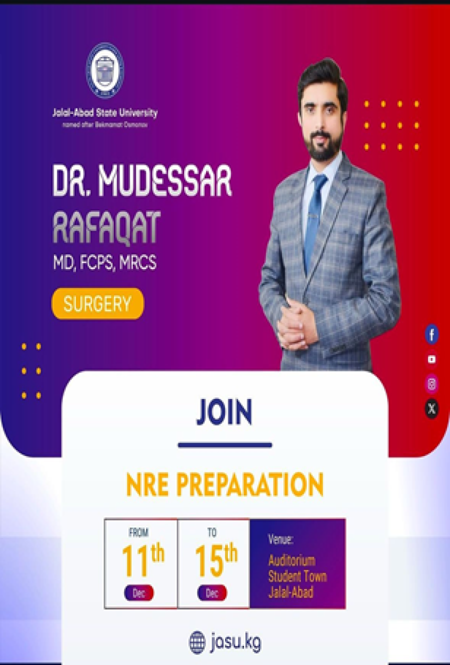 | 11. | 11/12/2024-15/12/2024 | SURGERY (SURGICAL DISEASE) | DR. MUDESSAR RAFAQAT | 40 HR |
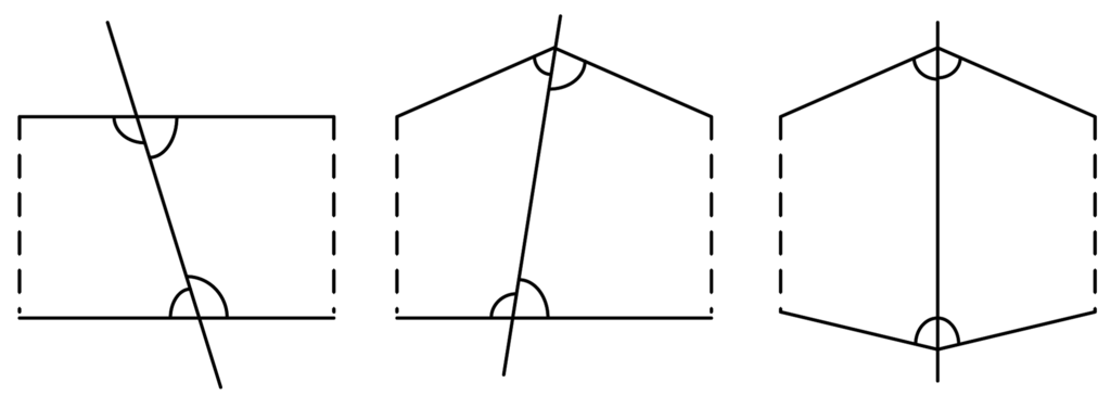 As a convex polygon, all inner angles are less than 180 degree. There are three different situations when a line (perpendicular bisector) divides a convex polygon into two pieces, as shown in Figure 5: (I) the line intersects with two edges of the convex polygon; (II) the line intersects with one edge and one angle of the convex polygon; (III) the line intersects with two angles of the convex polygon. No matter the situation, all new angles of the two new pieces are less than 180 degree. Thus, the two pieces are both convex polygons.
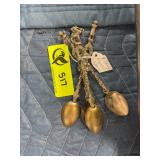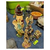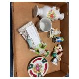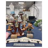 Decorative stand with misc figures, wall hangings, and more |
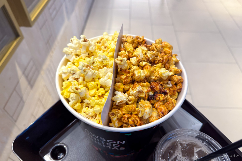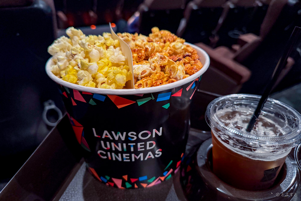 (写真のポップコーンはMサイズのもの)よって、ローソンの“盛りすぎチャレンジ”の実施に伴い、ユナイテッド・シネマ豊洲でもポップコーンのサイズアップをしているというわけです!
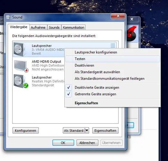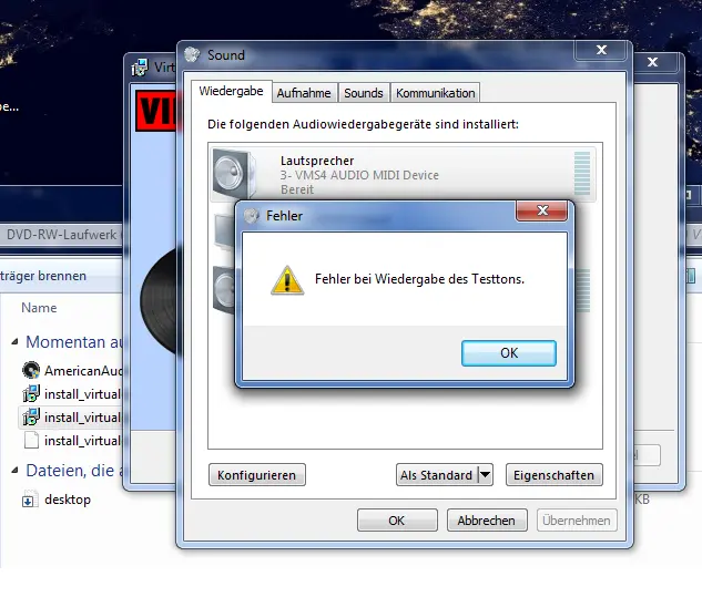 Aber wenn ich test signal in dein sound einstellungen meines pcs (Win7) wiedergeben möchte sagt es mir "fehler bei wiedergabe des testtons"
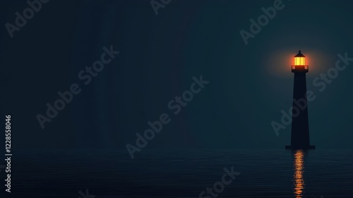 Serene Lighthouse at Night Illuminating Calm Waters and Fog
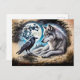 wolf and a raven sitting together on a rock under the full moon, illustrated in soft charcoal and pastel tones, capturing a mystical and serene moment in nature
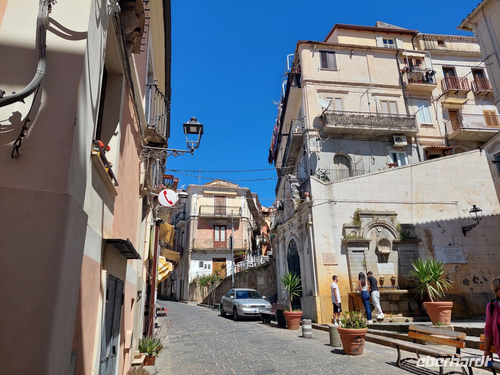 Angekommen in Tropea spazieren wir durch das historische Zentrum mit Kathedrale und der Wallfahrtskirche „Santa Maria dell‘ Isola“, von der aus man bis auf die Äolischen Inseln schauen kann.
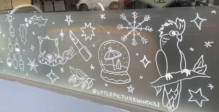 Take a stroll and see the stunning window art painted by talented local artists Sophie Elyse, Emma Lyn Winkler and Lou Endicott. Their unique designs are on the windows of more than 65 shops.
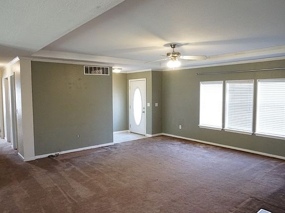Looking for a country home? This 4BD/2 full & 2 1/2 bath home offers amazing space! Split floor plan for privacy, the master en suite has freestanding soaking tub, walk in shower and large walk in closets. Wood burning fireplace in the family room that opens in to a galley kitchen with breakfast bar and tons of cabinet and pantry space; includes a mudroom/utility area. Formal living and dining for entertaining, spacious bedrooms with jack n jill bath, additional bedroom with 1/2 bath. Patio doors to brick stairs and patio with fenced in back yard. Front and side deck, all situated on 5 acres w/outbuildings and storm shelter. **Sellers offering $3,000 in concessions for updates and/or closing costs with competitive offer.
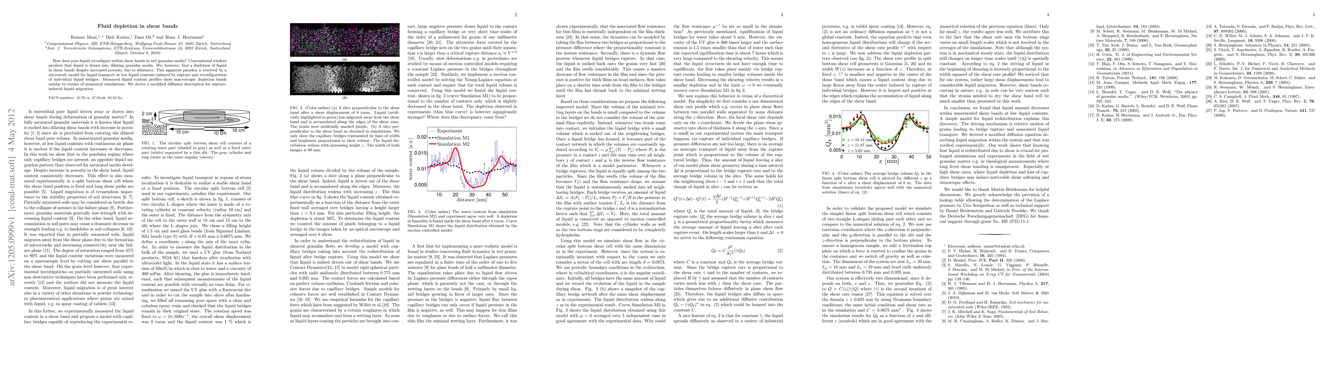 This study reveals that liquid is depleted in shear bands within wet granular media despite increased porosity from dilatancy, resolved by a microscale model of liquid bridge rupture and reconfiguration. Numerical simulations and measurements show macroscopic depletion bands, leading to a modified diffusion description for rupture-induced liquid migration.
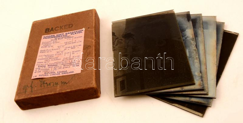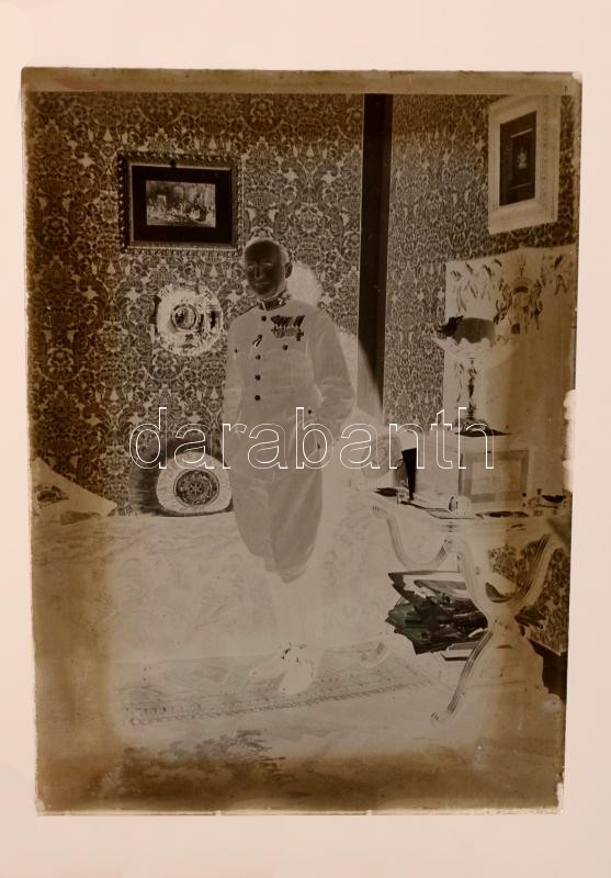 cca 1925 Gróf Stromm feliratú dobozban 7 db üveglemez, öt felvételen katona egyenruhában egy fiatalember, kettő felvétel strandon készült, kutatásra érdemes tétel, hogy arról a Stromm Marcelről van-e szó, aki később altábornagy volt, 6x9 cm
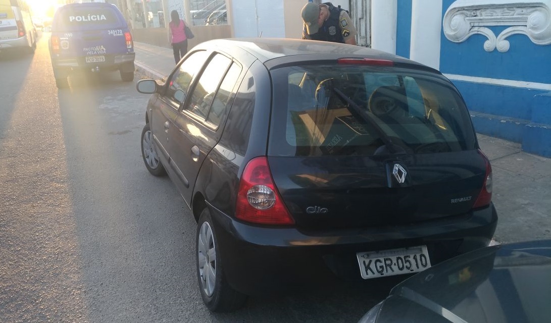 ao veículo Renault Clio, verde, placas KGR 0510. Quando visualizou a viatura
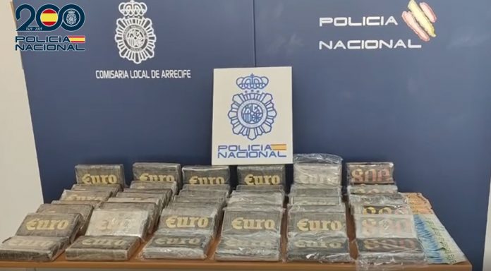 Agentes de la Policía Nacional han detenido en Lanzarote a tres hombres de 44, 47 y 49 años de edad, todos ellos con antecedentes policiales, como presuntos autores de un delito de tráfico de drogas y pertenencia a organización criminal. En la operación se han incautado 55 kilogramos de cocaína cuyo valor en el mercado ilícito supera los 1.600.000 euros. Detenidos en Lanzarote tres miembros de organización criminal
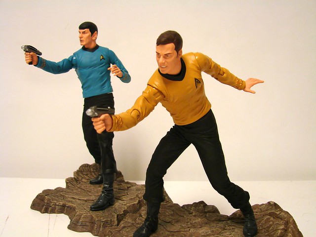各位玩具人還記得上次小編所介紹的Diamond Select Toys – Star Trek 星際爭霸戰 復古回歸第一彈嗎?!這是在1967 年星際爭霸戰第一季第25 集 – The Devil in the Dark 中的企業號的船長寇克(Captain Kirk)與企業號的科學官史巴克(Mr.Spock)一起並肩探勘的經典片段,而Diamond Select Toys 公司預計將推出7 吋星際爭霸戰之玩具反斗城限定版本的吊卡作品,共推出二款:寇克(Captain Kirk)與史巴克(Mr.Spock)。二款作品皆有附送精美地台讓各位擺放,而史巴克的吊卡更附上了三度儀(tricorder)的配件呢,進期在北美地區的玩具人可以前去當地的玩具反斗城(Toys "R" Us)碰碰運氣喔,發售資訊尚未公佈。
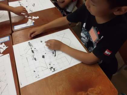 先日の形づくりに続いて,三角の紙で絵に合った形を作っていきました。今回は,前回のように三角の形に色がついていないので,どこに三角を当てはめるかが難しいようです。友だちと協力しながら,絵に合った形をきちんと作っていくことができました☆
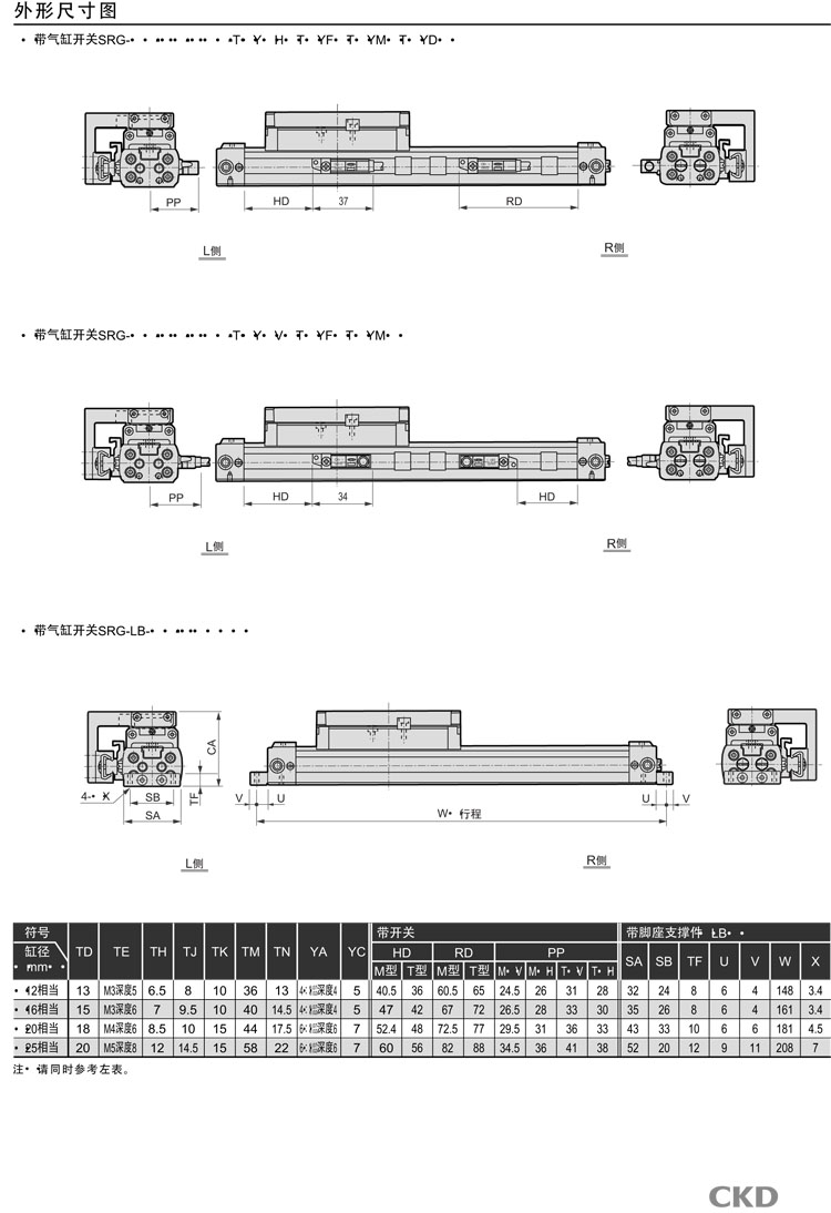 SRG-00-12B-200,SRG-LB-12B-200,SRG-LB1-12B-200,SRG-LB1-16B-1000,CKD倍力型緊氣缸
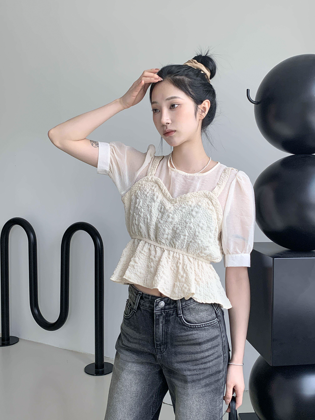 사랑스러운 무드의 셔링이 포인트로 들어가 있어 데이트 룩으로 너무 예쁜 반팔 블라우스 추천해드려요~!
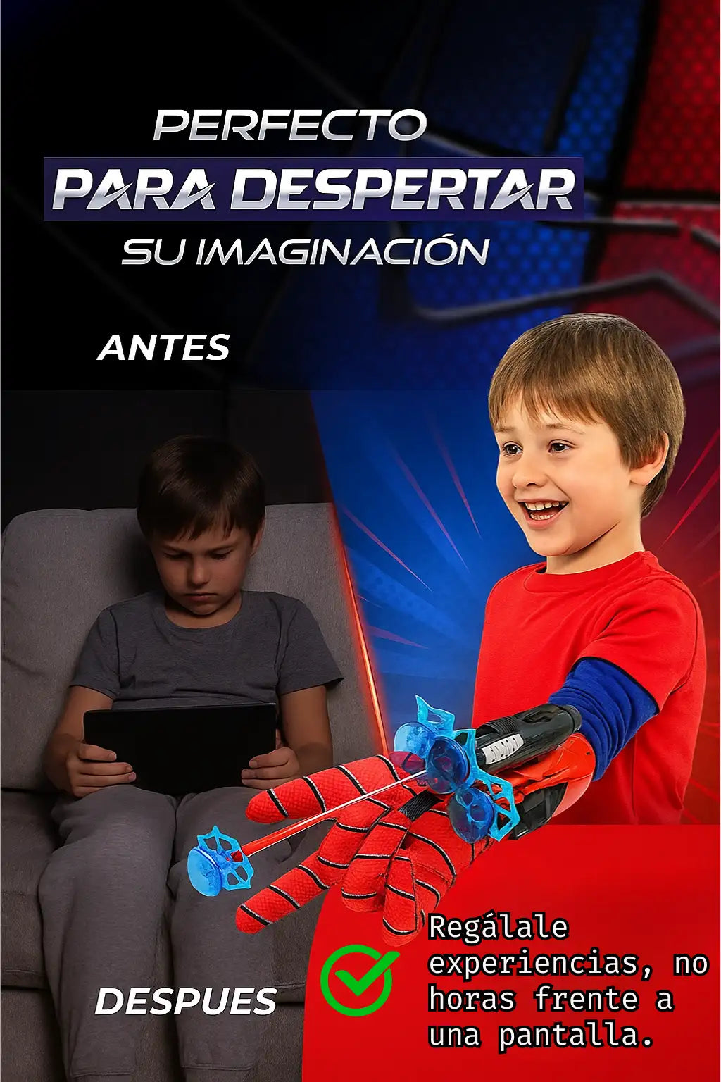 Con el Guante SpiderMan Lanza Aventuras vuelve a jugar, moverse, imaginar y ser niño otra vez, lleno de energía y felicidad.🦸♀️
────
**The problem:** Without copying any images, transcribe the records exactly as they stand.

**Response to the exercise:**
 | 11. | 11/12/2024-15/12/2024 | SURGERY (SURGICAL DISEASE) | DR. MUDESSAR RAFAQAT | 40 HR |
 As a convex polygon, all inner angles are less than 180 degree. There are three different situations when a line (perpendicular bisector) divides a convex polygon into two pieces, as shown in Figure 5: (I) the line intersects with two edges of the convex polygon; (II) the line intersects with one edge and one angle of the convex polygon; (III) the line intersects with two angles of the convex polygon. No matter the situation, all new angles of the two new pieces are less than 180 degree. Thus, the two pieces are both convex polygons.
 Decorative stand with misc figures, wall hangings, and more |
 (写真のポップコーンはMサイズのもの)よって、ローソンの“盛りすぎチャレンジ”の実施に伴い、ユナイテッド・シネマ豊洲でもポップコーンのサイズアップをしているというわけです!
 Aber wenn ich test signal in dein sound einstellungen meines pcs (Win7) wiedergeben möchte sagt es mir "fehler bei wiedergabe des testtons"
 Serene Lighthouse at Night Illuminating Calm Waters and Fog
 wolf and a raven sitting together on a rock under the full moon, illustrated in soft charcoal and pastel tones, capturing a mystical and serene moment in nature
 Angekommen in Tropea spazieren wir durch das historische Zentrum mit Kathedrale und der Wallfahrtskirche „Santa Maria dell‘ Isola“, von der aus man bis auf die Äolischen Inseln schauen kann.
 Take a stroll and see the stunning window art painted by talented local artists Sophie Elyse, Emma Lyn Winkler and Lou Endicott. Their unique designs are on the windows of more than 65 shops.
Looking for a country home? This 4BD/2 full & 2 1/2 bath home offers amazing space! Split floor plan for privacy, the master en suite has freestanding soaking tub, walk in shower and large walk in closets. Wood burning fireplace in the family room that opens in to a galley kitchen with breakfast bar and tons of cabinet and pantry space; includes a mudroom/utility area. Formal living and dining for entertaining, spacious bedrooms with jack n jill bath, additional bedroom with 1/2 bath. Patio doors to brick stairs and patio with fenced in back yard. Front and side deck, all situated on 5 acres w/outbuildings and storm shelter. **Sellers offering $3,000 in concessions for updates and/or closing costs with competitive offer.
 This study reveals that liquid is depleted in shear bands within wet granular media despite increased porosity from dilatancy, resolved by a microscale model of liquid bridge rupture and reconfiguration. Numerical simulations and measurements show macroscopic depletion bands, leading to a modified diffusion description for rupture-induced liquid migration.
 cca 1925 Gróf Stromm feliratú dobozban 7 db üveglemez, öt felvételen katona egyenruhában egy fiatalember, kettő felvétel strandon készült, kutatásra érdemes tétel, hogy arról a Stromm Marcelről van-e szó, aki később altábornagy volt, 6x9 cm
 ao veículo Renault Clio, verde, placas KGR 0510. Quando visualizou a viatura
 Agentes de la Policía Nacional han detenido en Lanzarote a tres hombres de 44, 47 y 49 años de edad, todos ellos con antecedentes policiales, como presuntos autores de un delito de tráfico de drogas y pertenencia a organización criminal. En la operación se han incautado 55 kilogramos de cocaína cuyo valor en el mercado ilícito supera los 1.600.000 euros. Detenidos en Lanzarote tres miembros de organización criminal
各位玩具人還記得上次小編所介紹的Diamond Select Toys – Star Trek 星際爭霸戰 復古回歸第一彈嗎?!這是在1967 年星際爭霸戰第一季第25 集 – The Devil in the Dark 中的企業號的船長寇克(Captain Kirk)與企業號的科學官史巴克(Mr.Spock)一起並肩探勘的經典片段,而Diamond Select Toys 公司預計將推出7 吋星際爭霸戰之玩具反斗城限定版本的吊卡作品,共推出二款:寇克(Captain Kirk)與史巴克(Mr.Spock)。二款作品皆有附送精美地台讓各位擺放,而史巴克的吊卡更附上了三度儀(tricorder)的配件呢,進期在北美地區的玩具人可以前去當地的玩具反斗城(Toys "R" Us)碰碰運氣喔,發售資訊尚未公佈。
 先日の形づくりに続いて,三角の紙で絵に合った形を作っていきました。今回は,前回のように三角の形に色がついていないので,どこに三角を当てはめるかが難しいようです。友だちと協力しながら,絵に合った形をきちんと作っていくことができました☆
 SRG-00-12B-200,SRG-LB-12B-200,SRG-LB1-12B-200,SRG-LB1-16B-1000,CKD倍力型緊氣缸
 사랑스러운 무드의 셔링이 포인트로 들어가 있어 데이트 룩으로 너무 예쁜 반팔 블라우스 추천해드려요~!
 Con el Guante SpiderMan Lanza Aventuras vuelve a jugar, moverse, imaginar y ser niño otra vez, lleno de energía y felicidad.🦸♀️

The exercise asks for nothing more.